Так рассуждал влюбленный юноша, продолжая мерить комнату торопливыми шагами. Радужными были мечты Тито Вецио, он под влиянием нахлынувшей страсти думал только о хорошем, грустным мыслям не находилось места в его разгоряченном мозгу. Но вот мало-помалу и они стали приходить в голову. Закономерный вопрос о том, как будет проходить их с Луценой свадьба пришел сам собой и поразил Тито Вецио своей неумолимой суровостью. Он побледнел, как полотно, опустил голову на грудь и задумался.
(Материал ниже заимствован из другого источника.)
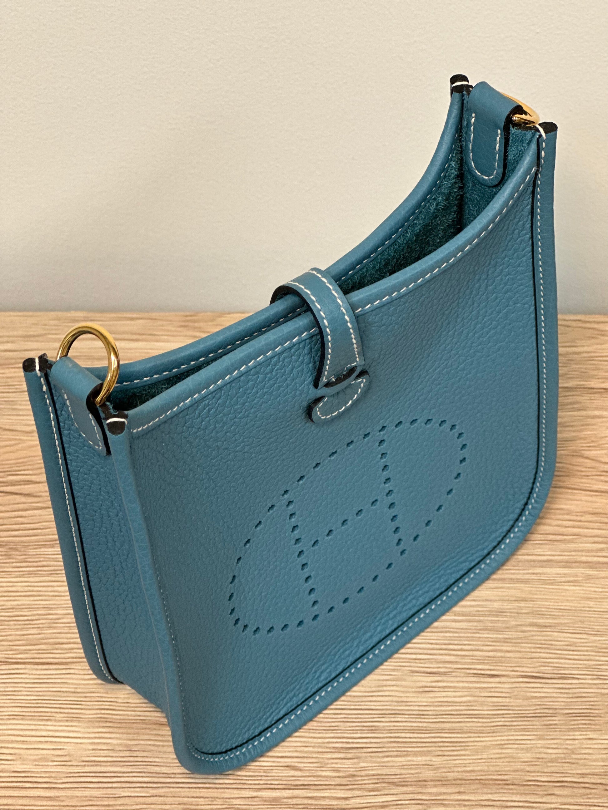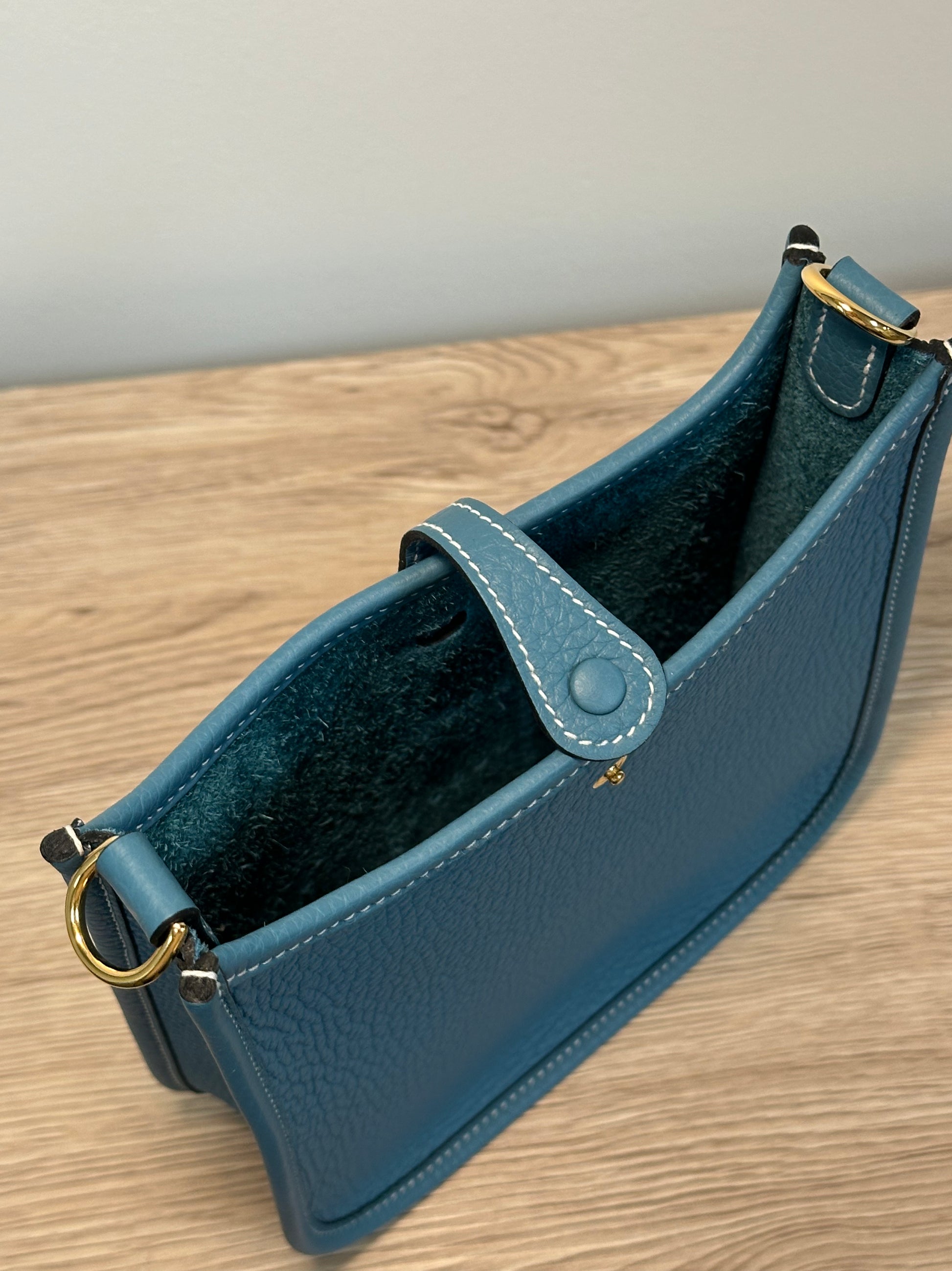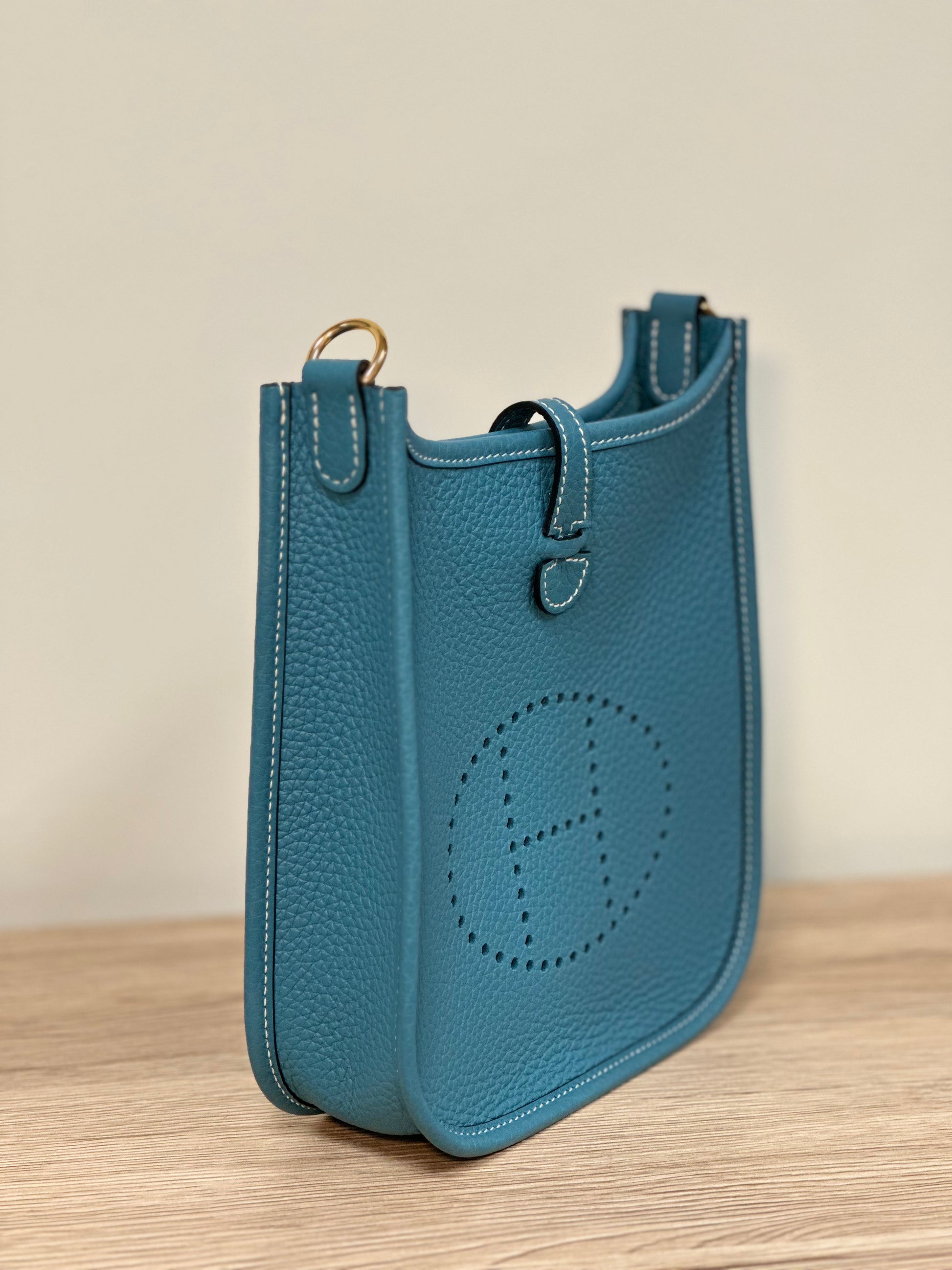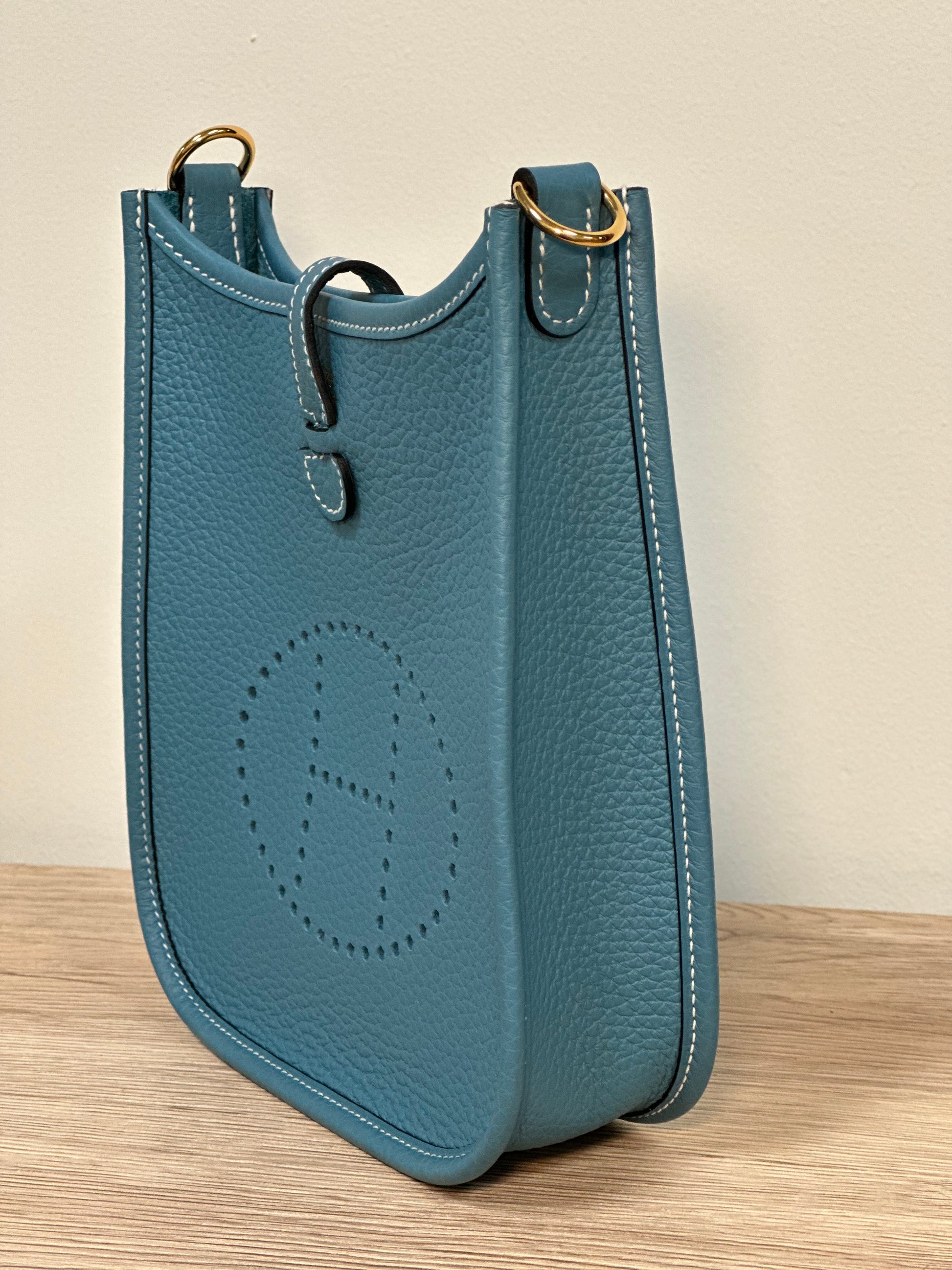 This Hermès Evelyne 16 TPM Crossbody Bag is crafted from New Bleu Jean (jeans blue) Taurillon Clemence leather and features a matching uni wool sangle strap. The design includes the signature perforated leather "H," a leather tab closure, and elegant gold-plated hardware.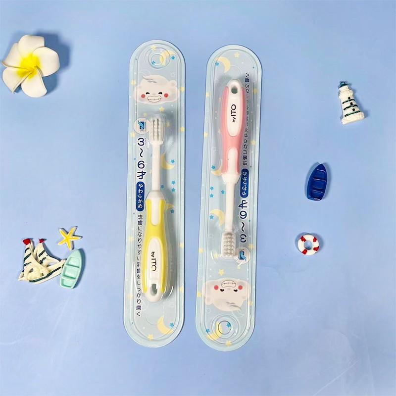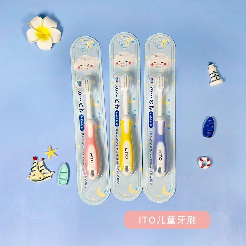 艾特柔ITO儿童软毛小刷头牙刷手动牙刷 蓝粉黄色 颜色随机发1支装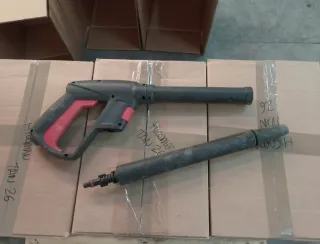 Pistola de agua a presión con lanza. - Mango ergonómico con detalles en rojo. - Lanza desmontable para mayor versatilidad.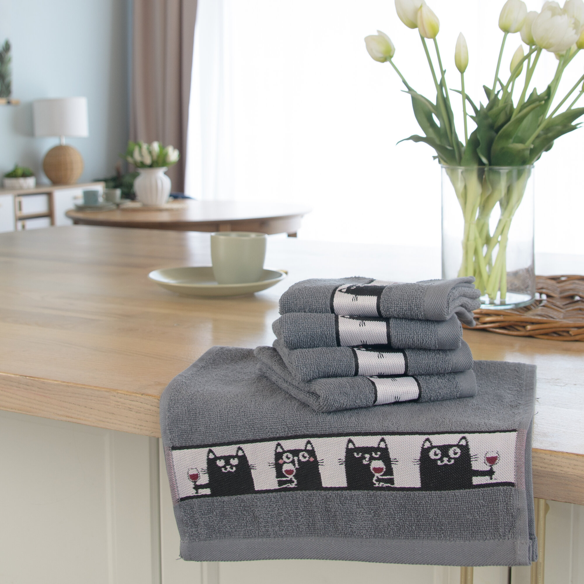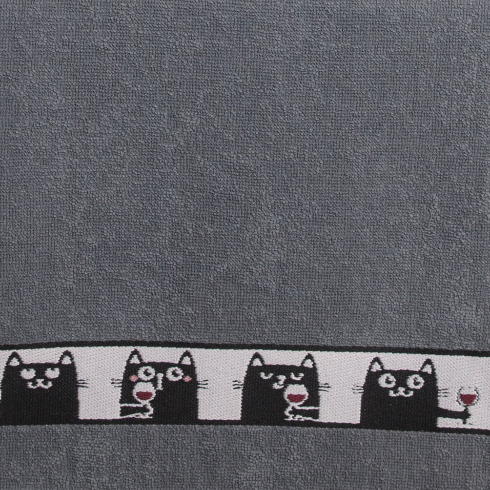 Полотенца махровые кухонные, 30х60 см, набор 5 шт, с петелькой, Casa Conforte Китчен Котики-поварята, светло-серые
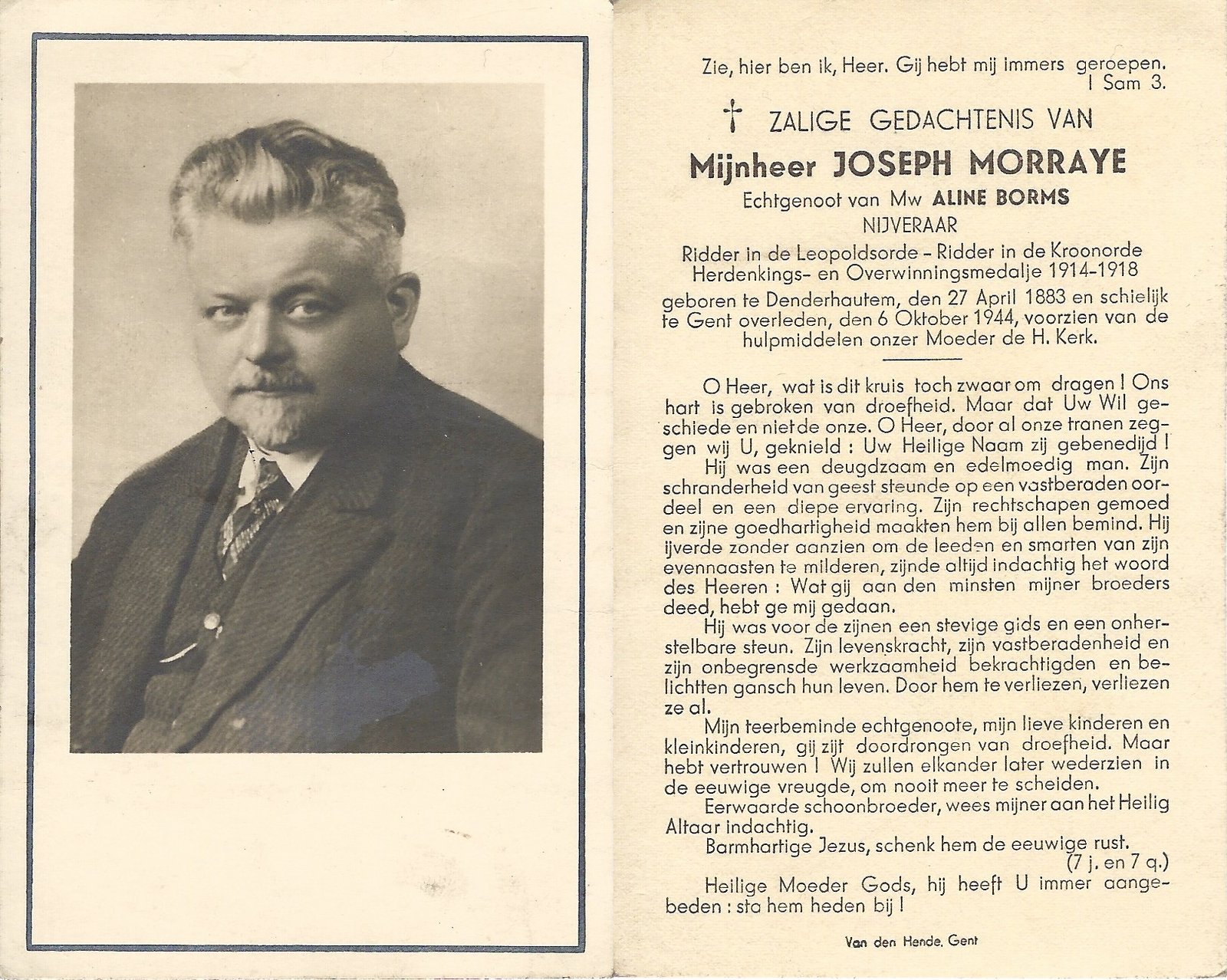 | Morraye Joseph | Borms Aline | Denderhoutem | 27/04/1883 | Gent | 06/10/1944 |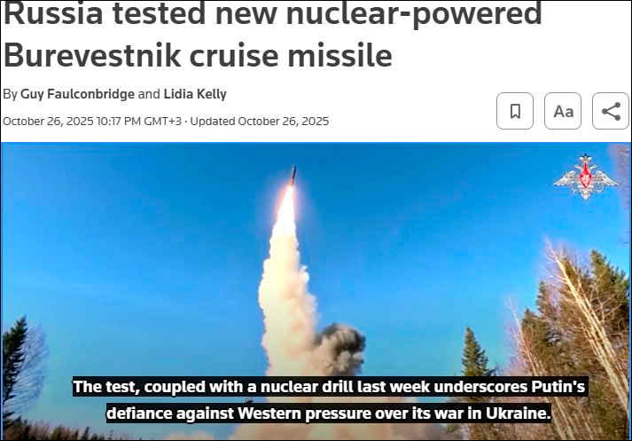 Недавние испытания российских ракет "Буревестник" пугали Запад не меньше, чем глава МИД. Скриншот: "Рейтер"

Закон победителей всего мира был дик, суров и бессмыслен до смешного. Союз патриция с рабыней или наложницей не признавался браком. Это было лишь сожительство или наложничество и дети не имели никаких прав. Чтобы осуществить свою заветную мечту и жениться на Луцене, Тито Вецио необходимо было купить ее у Скрофы и затем отпустить ее на волю. Но ни закон, ни общество не простят ему, квириту, женитьбу на бывшей рабыне. Звание главы римской молодежи несомненно будет отобрано у него цензором. [128]128
  Цензор – один из двух высших магистратов, управлявших государственным имуществом, составлявших ценз, следивших за нравами.


[Закрыть]
Безнравственное правительство римской республики смотрело сквозь пальцы на незаконное сожительство с рабыней или гетерой; но сочетаться законным браком с бывшей невольницей считалось позором, больше того – преступлением. Все прекрасно знали, что Сулла находится на содержании у своей любовницы (а впоследствии унаследовал ее состояние, нажитое грязным развратом), но он не лишался ни гражданских, ни политических прав и пользовался общественным уважением. Между тем каждый, кто бы пожелал сочетаться законным браком с вольноотпущенницей, подвергался беспощадному преследованию со стороны общества и закона. Таким образом великая римская республика практически санкционировала разврат. Странное, непонятное противоречие: люди, лишавшие всех прав детей, рожденных в брачном союзе с бывшей невольницей, слепо верили в богов Олимпа, показавших примеры неравных связей, плоды которых тоже возводились в степень божества. Всеми знаменитыми поэтами были воспеты известные любовные похождения Ахиллеса и Агамемнона с Хрисеидой и Брисеидой. Между тем римскому гражданину запрещалось законное сожительство с женщиной, порабощенной грубой силой.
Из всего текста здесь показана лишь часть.